Text Classification, Part 2 - sentence level Attentional RNN

In the second post, I will try to tackle the problem by using recurrent neural network and attention based LSTM encoder. Further, to make one step closer to implement Hierarchical Attention Networks for Document Classification, I will implement an Attention Network on top of LSTM/GRU for the classification task.

Please note that all exercises are based on Kaggle’s IMDB dataset. And implementation are all based on Keras

Text classification using LSTM

By using LSTM encoder, we intent to encode all information of the text in the last output of recurrent neural network before running feed forward network for classification. This is very similar to neural translation machine and sequence to sequence learning. See the following figure that came from A Hierarchical Neural Autoencoder for Paragraphs and Documents.

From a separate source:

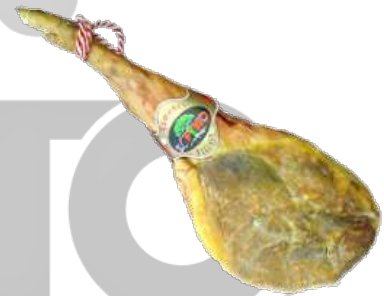
EL PINO JAMON SERRANO PIEZAS ENTRE 6,5 KG Y 7,5 KG

I’m going to use LSTM layer in Keras to implement this. Other than forward LSTM, here I am going to use bidirectional LSTM and concatenate both last output of LSTM outputs. Keras has provide a very nice wrapper called bidirectional, which will make this coding exercise effortless. You can see the sample code here

The following code snippet is pretty much the same as Keras sample code except that I didn’t use any drop out layer.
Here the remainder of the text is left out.